Code that manipulates TypeExpr objects at runtime is typically actually manipulating the syntactic elements of the expression, looking at the origin / args of the expression, etc. Therefore I think it makes sense to still call the concept an “expression”.

The name “type form” specifically is problematic which is why a new name was chosen.

TypeExpr without brackets

Final is allowed to infer its argument:

my_const: Final = 5
# Is a Final[int]

It seems to me that allowing similar inference for TypeExpr would provide good ergonomics:

typx: TypeExpr = int | str
# Is a TypeExpr[int | str]

It sounds like your main objection is that inferring the parameter would be difficult to implement. If so, I think the main place it seems to be helpful to infer the parameter is in a direct variable assignment like in the example above. Perhaps in that specific case it wouldn’t be too hard to infer?

FWIW, Any is explicitly allowed by the current wording.

Rules for unions

Interesting. Sounds like I’ll need to tweak the rules so that UnionType continues to be inferred for the cases that you mention. And then state explicitly that UnionType is treated as a subtype of TypeExpr.

Rules for Annotation Expressions

Ah. I originally added this section based on feedback from you. But I can easily delete the section. I’m fine leaving the type of annotation expressions undefined, as they currently are today.

Subtyping Rules

If I were to delete this rule then there would be no rules for how to treat TypeExpr[Any] vs. type[Any] because the “subtyping” relation (as PEP 483 defines it) does not apply to Any. Only “is-consistent-with” (recently rebranded to “assignability”) applies to Any. So I still think I need this rule.

I can rephrase to avoid the term “plain type” though.

Literal[] TypeExprs

I’ll rephrase to use this justification.

erictraut · June 29, 2024, 12:42am

Final is not a type. It is a type qualifier. It is not allowed within a type expression, and the subscript within a Final index expression isn’t a “type argument”.

The proposed TypeExpr is a type, and it takes a single type argument. It should follow the rules of other types. For all existing types that accept a type argument, Any is assumed if a type argument is omitted. It would require an extremely compelling argument to justify an exception to this rule. I don’t see any such justification.

Also keep in mind that TypeExpr (unlike Final) can be used any place that a type expression can be used, so it can appear in type alias definitions, parameter annotations, etc. It wouldn’t make sense to allow inference in these situations. This is what I mean by “it wouldn’t compose well with other type features”.

Daverball · June 29, 2024, 9:52am

I think another argument against it is that it would encourage people to use TypeExpr instead of TypeAlias/PEP 695 type alias expressions, which really seems like a bad idea.

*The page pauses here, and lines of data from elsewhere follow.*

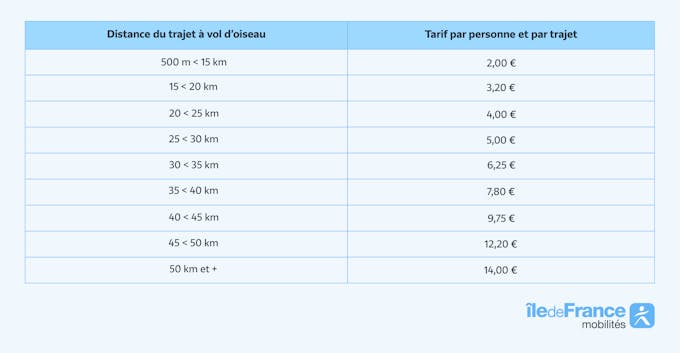 Tabela mostrando as taxas por pessoa e por viagem de acordo com a distância da viagem em linha reta:
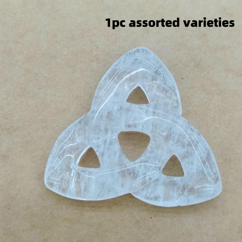 This natural stone Celtic crystal piece is hand carved into a triangular hollow shape, perfect for room decoration. It can also be used as a DIY pendant or necklace pendant.
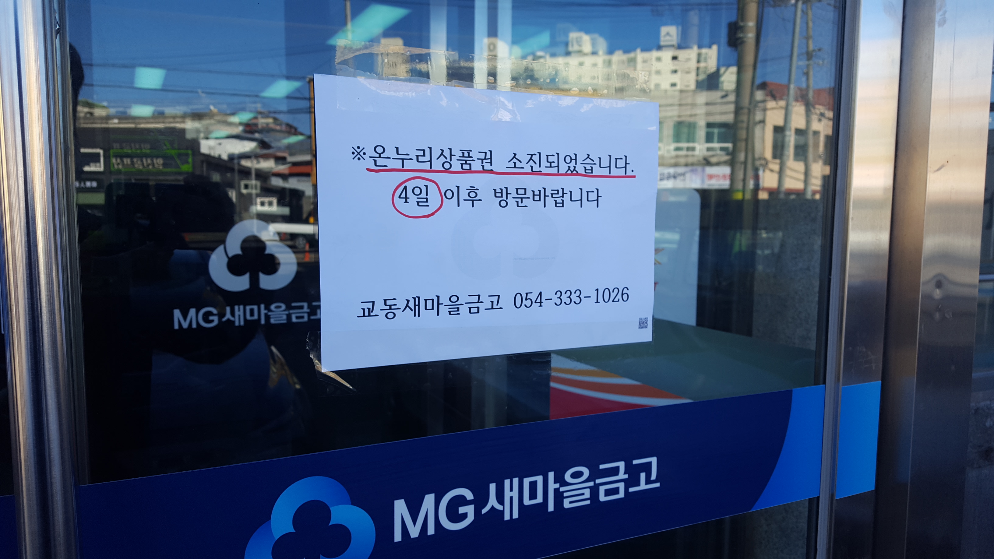 온누리상품권과 영천사랑상품권 등 상품권 인기가 날로 더해지자 교동새마을금고 입구에는 온누리 상품권 품절을 알리는 안내문이 붙었다.

I don’t really want to see TypeExpr for a static assignment, that’s not the purpose of it, TypeExpr is all about allowing dynamic runtime behavior. I think of TypeAlias = Foo as being more or less equivalent to Final[TypeExpr[Foo]] = Foo. An inference shortcut may give people the wrong idea and blurs the lines between type aliases and type expressions.

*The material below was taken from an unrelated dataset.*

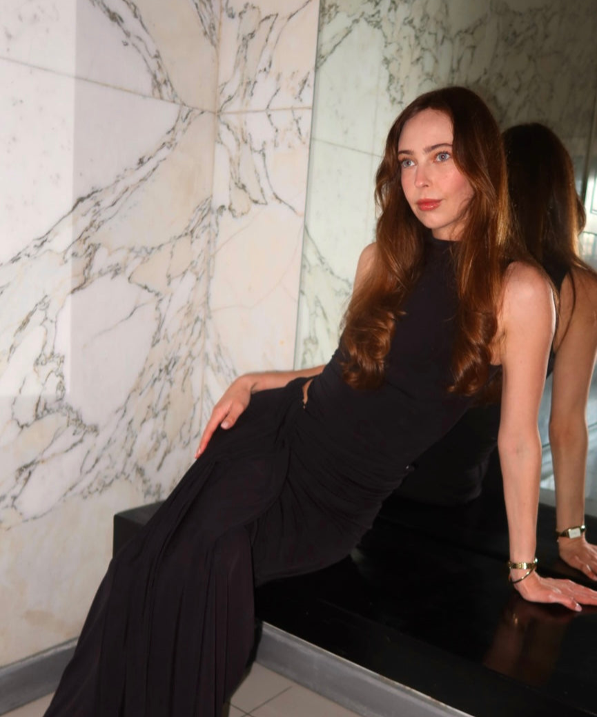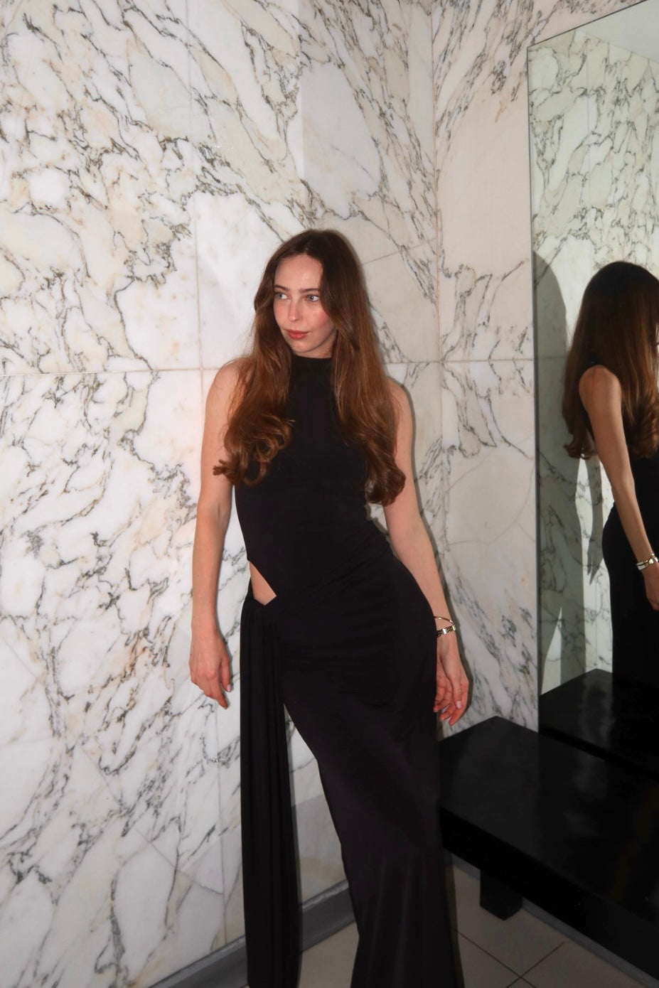 Chic, elevated, effortless. This two-piece dress features a sculpting bodysuit with a high neckline, and an asymmetric, detachable maxi skirt with a draped tie detail, creating a sleek silhouette with a bold cutout detail at the hip. The bodysuit fastens at the bottom with press studs and the skirt attaches with a hook and bar.

davidfstr · June 29, 2024, 1:59pm

Fair enough. A few commentators already seem to be unclear about the distinction between TypeExpr and TypeAlias so leaving in a speed bump that makes TypeExpr more difficult to use in a variable assignment could be beneficial to avoid misuse. As you mention, TypeExpr’s main benefits don’t come from using it in static assignments anyway.

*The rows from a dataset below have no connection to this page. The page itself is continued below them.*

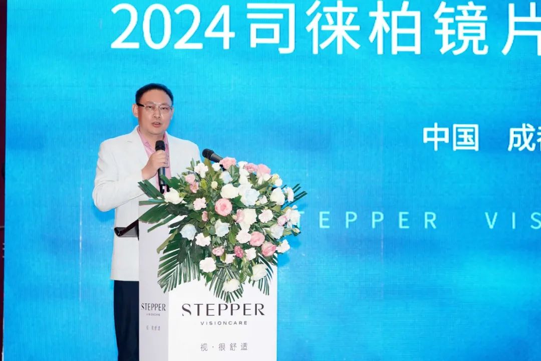 司徕柏镜片副总经理閤成武分享了司徕柏镜片的品牌理念、产品特点以及未来发展规划。他表示,司徕柏镜片拥有清晰的品牌定位和丰富的全球视光资源,期待与新老客户朋友一起努力,为消费者带来更清晰、更舒适的视觉体验。
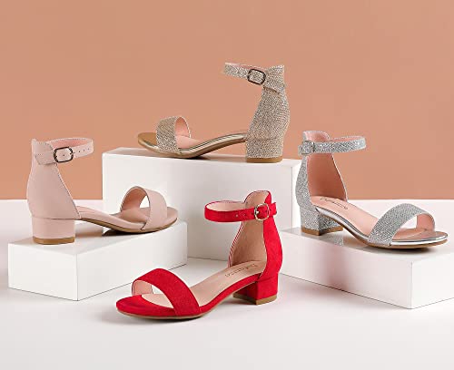 Dufannie Nude Sandals Heels for Girls Open Toe Ankle Strap Chunky Heel Girls Dress Shoes Graduations Party Wedding Low Heel Sandals for Toddler Littler Big Kids(3603Nude 4), Single Nubuck Nude, 4 Big Kid Item Sku:
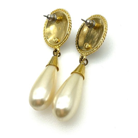 Vintage 1980's Large Dark Green Enamel and Pearl Dropper Pierced Earrings
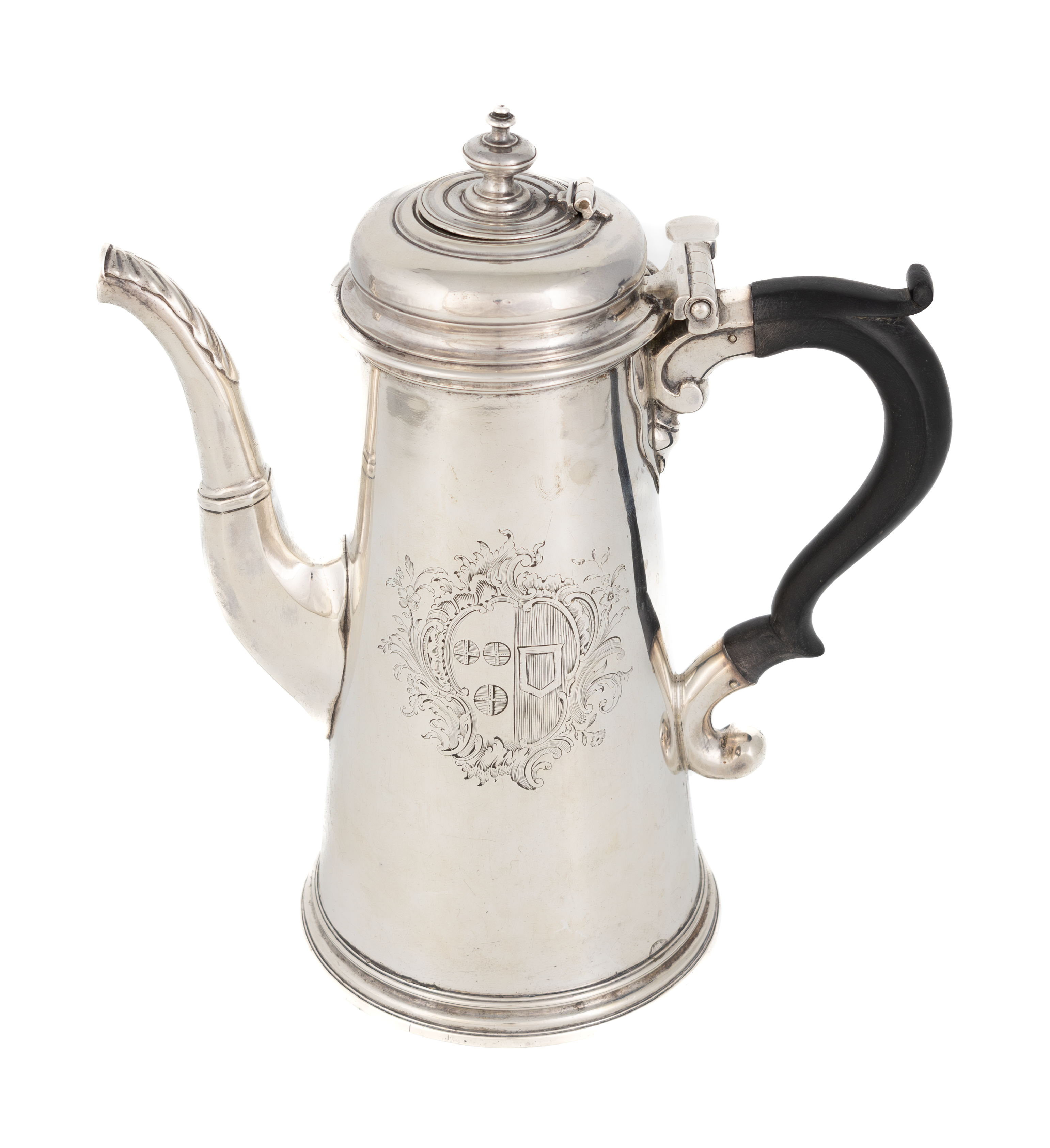 tapering circular form, leaf-capped spout, scroll handle, engraved with an armorial within foliate mantling, the hinged cover with a detachable hinge pin, and with an unmarked hinged finial, height 23.5cm, approx. weight 29oz.
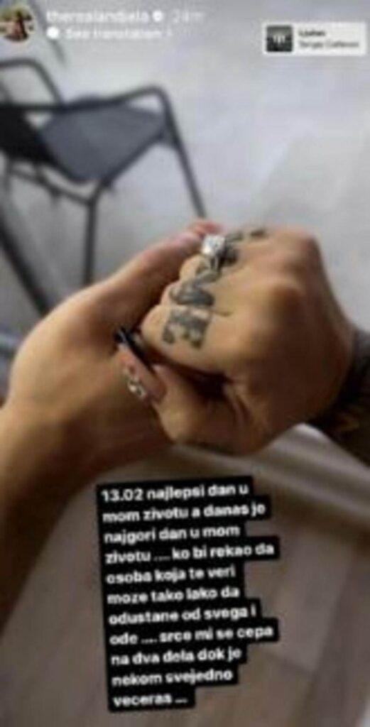 Ipak, sve je kratko trajalo, pa je Anđela u svojoj objavi napisala da joj se srce cepa na dva dela dok je nekome svejedno, dajući naslutiti da je ona ta koja je ostavljena.
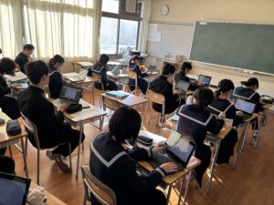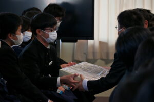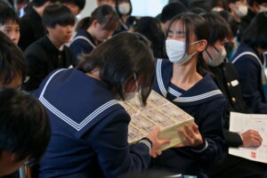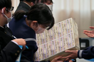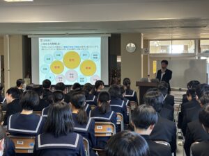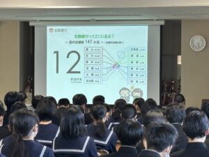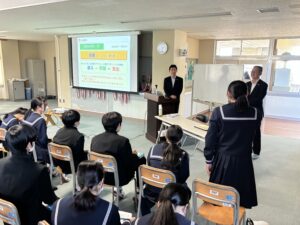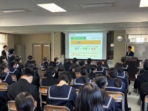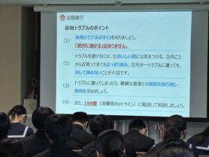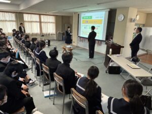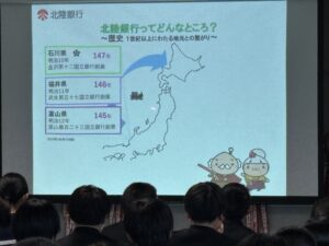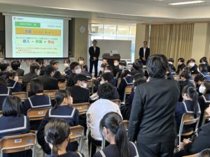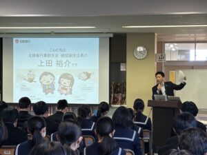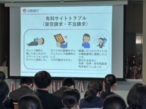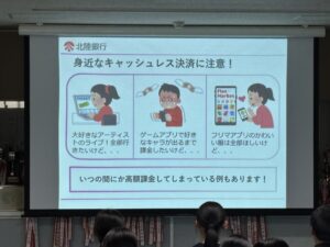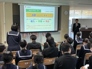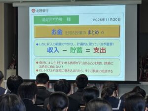 「社会に学ぶ『14歳の挑戦』」の事後学習の締めくくりとして、「お金を知る講演会」が開かれ、北陸銀行黒部支店 統括副支店長の上田裕介さんを講師としてお迎えし、お金の役割や重要性、銀行の仕組み、銀行とお金の関係等について、1億円の束の重さを体験したり、クイズに答えたりしながら、楽しく分かりやすく学ぶことができました。金銭トラブルの話では、税務署や運送会社を装った実際の通知画面を紹介して説明があり、身近なところにも罠が潜んでいることを再認識することができました。質疑応答では、「なぜ北陸銀行に就職しようと思ったのですか?」「有害なサイトと正式なサイトを見分ける方法は?」等の質問に対して、上田さんは自分の経験や具体例を交えて丁寧に答えてくださいました。最後に代表の生徒が「お金は計画的に使わなければいけないと思いました。収入-貯蓄=支出という公式を意識しながら生活していきたいです。」と謝辞を述べ、講演会を終えました。終了後、生徒は教室に戻り、タブレットを使ってアンケートに答えたり、学習プリントに感想を記入したりしました。上田さん、ご来校いただいた北陸銀行の皆様、ありがとうございました。
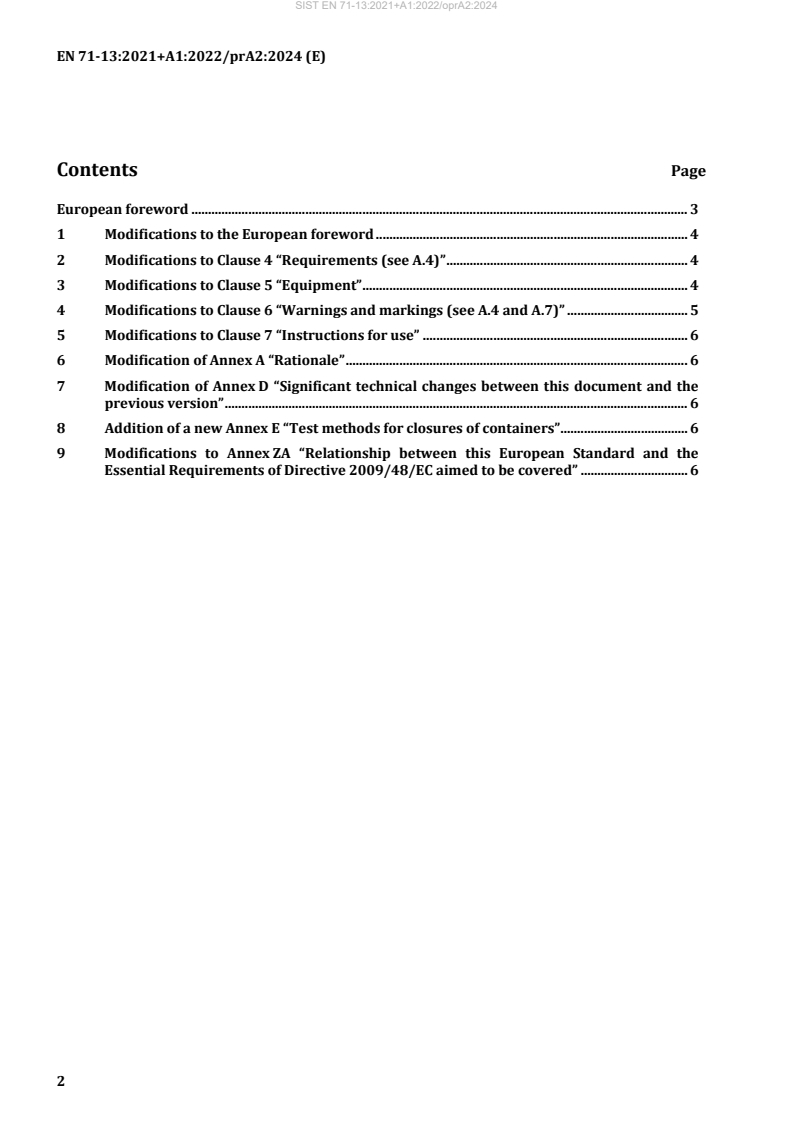 © 2024 CEN All rights of exploitation in any form and by any means reserved Ref. No. EN 71-13:2021+A1:2022/prA2:2024 E

I’ll alter a bare TypeExpr (with no type argument) to always be treated as TypeExpr[Any], and update any code examples that need to change.

davidfstr · July 10, 2024, 12:59pm

A new round of feedback has been integrated to the TypeExpr PEP via this diff and is ready for review.

Notably, new rules for inferring the type of union expressions like X | Y were added. These new rules for inferring Union use pretty much the same rules as regular value expressions (i.e. look for an __or__ method). Additionally, to ensure that a new TypeExpr[X | Y] value can be passed to a function that expects a UnionType (like isinstance) I’ve made the former a subtype of the latter.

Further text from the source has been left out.